If you take this framework and apply it to the behaviors that you do—for instance, backing your car out of a driveway, or why you suddenly feel hungry when you see a donut box on the counter at work but you weren't hungry five minutes earlier—you can find these cues and rewards that explain the behaviors.
Between 1990 and 2000, that is deemed the decade of the brain. There was a lot of money going into studying brain illnesses and disease, and into learning about the brain. During that time, we were looking for some neural footprint of addiction. We thought that once cocaine interacted with dopamine neurons, it had this almost magical power over the person's behavior. We've learned that's not necessarily the case.
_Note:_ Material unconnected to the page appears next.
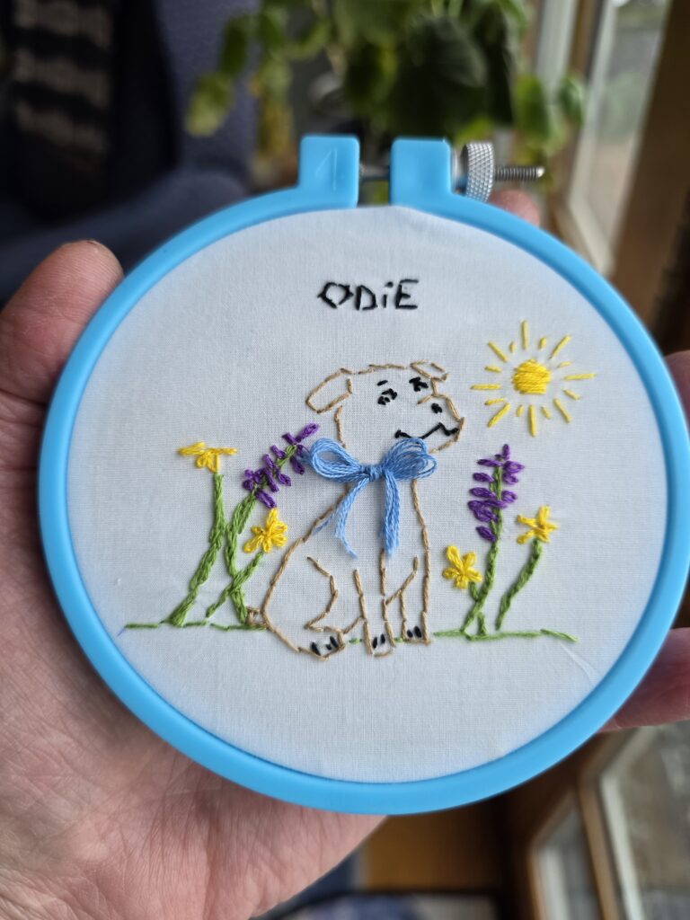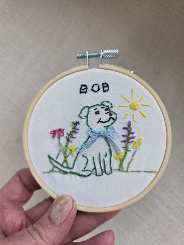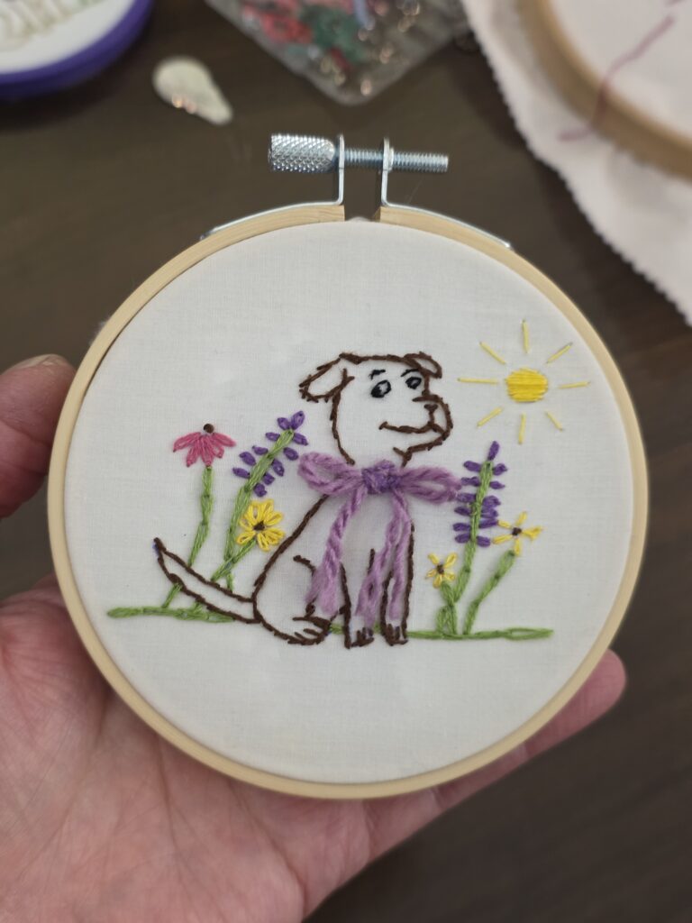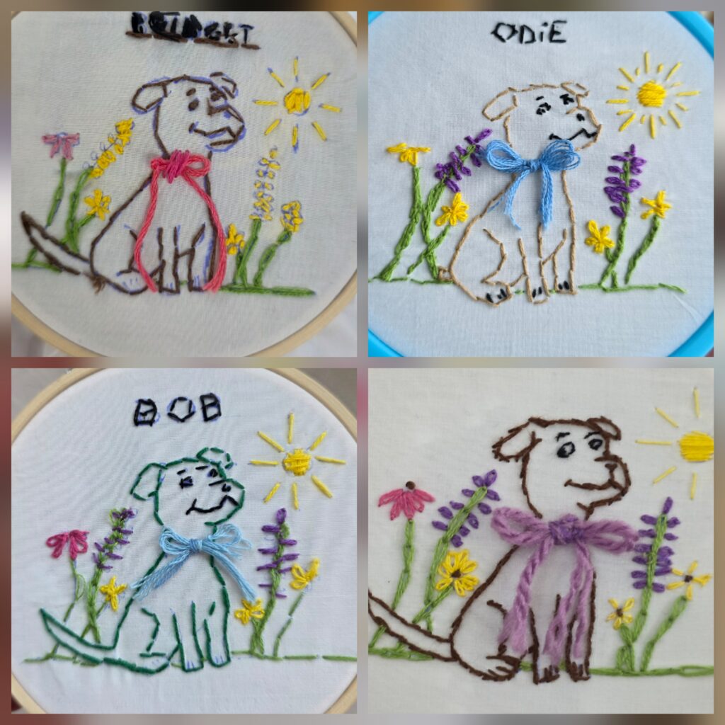 Four 9- to 12-year-olds — three girls and one boy — who took beginner embroidery classes from SOME EGA members Vicki J. Brown and Connie Small between December 2025 – January 2026 have completed their Floral Dog embroidery projects. Two of them have started second and third projects, and one pre-teen joined a local bimonthly stitching group in East Kingston.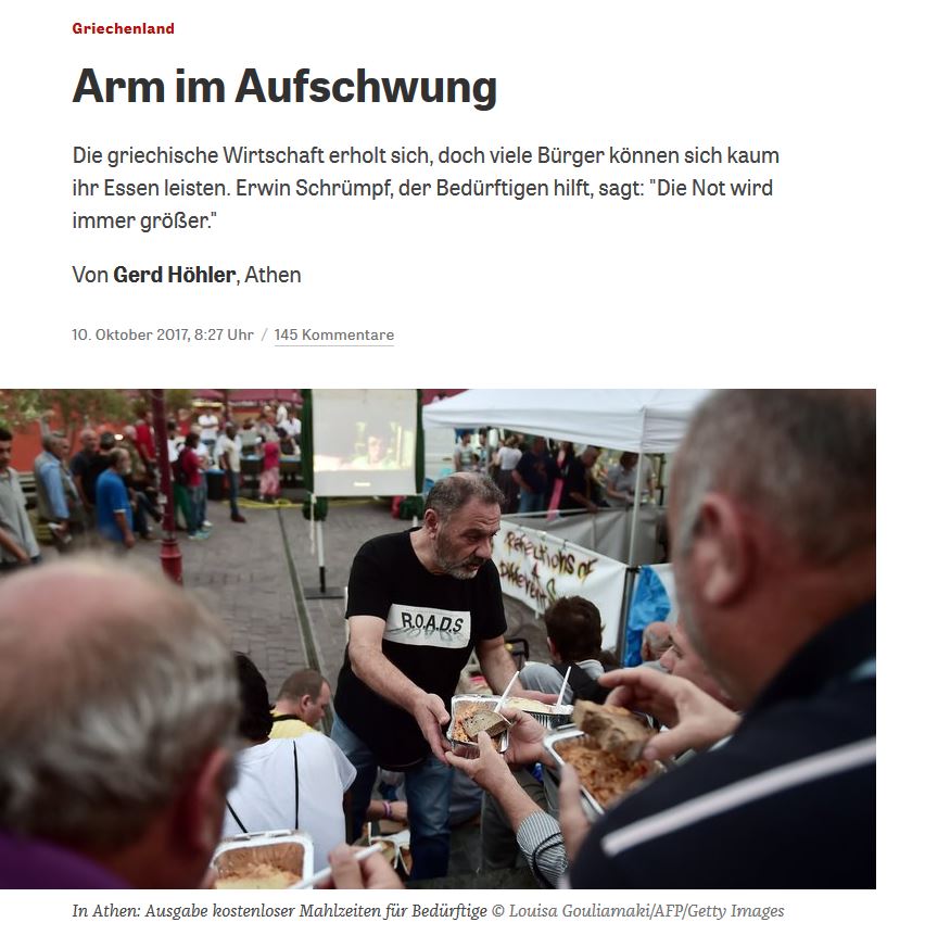 Η γερμανική εφημερίδα αναφέρεται στον ιστότοπό της αναλυτικά στο φιλανθρωπικό έργο του αυστριακού E. Srimf, ο οποίος ίδρυσε τον σύλλογο "Βοήθεια για την Ελλάδα" και μεταφέρει όσο συχνότερα μπορεί από την Αυστρία με βαν, από φάρμακα και παιδικές τροφές μέχρι πάνες και ιατρικά μηχανήματα.

So when we think of drug addiction, it's important to keep the focus on the person's behavior: Are they not showing up for work? Are they not meeting obligations at home or school? All of these are important indicators of whether someone is drug-addicted or not—and notice, I didn't look at anyone's brain. I'm really looking at behavior.
Behavioral addiction is a lot like substance addiction in many ways. Basically what has to happen is that there's a behavior you enjoy doing in the short term that you do compulsively, so you keep returning to it over and over again, but in the long term it harms your wellbeing—and it can harm your wellbeing in lots of different respects. It's a much newer, more recent phenomenon.
The reason we've got these new forms of addiction comes down to two main things. First, technology is much more sophisticated and advanced than it was even 20 years ago. You're able to deliver the kinds of rewards that you need for a system to be addictive. What people are looking for is unpredictability and the rapid feedback of either rewards or, if negative, negative experiences—and you actually need that mix of positive and negative feedback. Just as when you post something online: sometimes you get a lot of hits, sometimes you don't, and it's that unpredictability that we find so compelling.
Whenever we're bored, lonely, unsure of what to do next, or don't feel like we're having an effect on the world, those are the moments when you're looking for what some people call the adult pacifier. Smartphones tend to be a great adult pacifier because at those moments, you turn on your screen, swipe, and feel relaxed again.
If you just try and say, "I'm gonna use willpower to make this behavior go away," it's not gonna work. Every scientist who's worked on habits will tell you: once the neurology of that habit is set, it's always there in some form or another. So instead of thinking about eradicating this bad habit or just using willpower to ignore it, you need to change it.
There's this thing known as the golden rule of habit change: if a habit is made up of a cue, a routine, and a reward, you can't change all three parts at once. You shouldn't even try. What you really want to change is the routine—the behavior. To do that, you keep the same cue and deliver the same reward, and you'll be able to shoehorn that new behavior into your daily pattern.
You can't change everything overnight. You can't suddenly say, “I want a brand new habit tomorrow,” and expect it to be easy and effortless. You have to give yourself permission to take a little time to practice because you're building up neural pathways associated with a certain behavior, and those pathways build up over time. You can't speed up that process any more than is natural.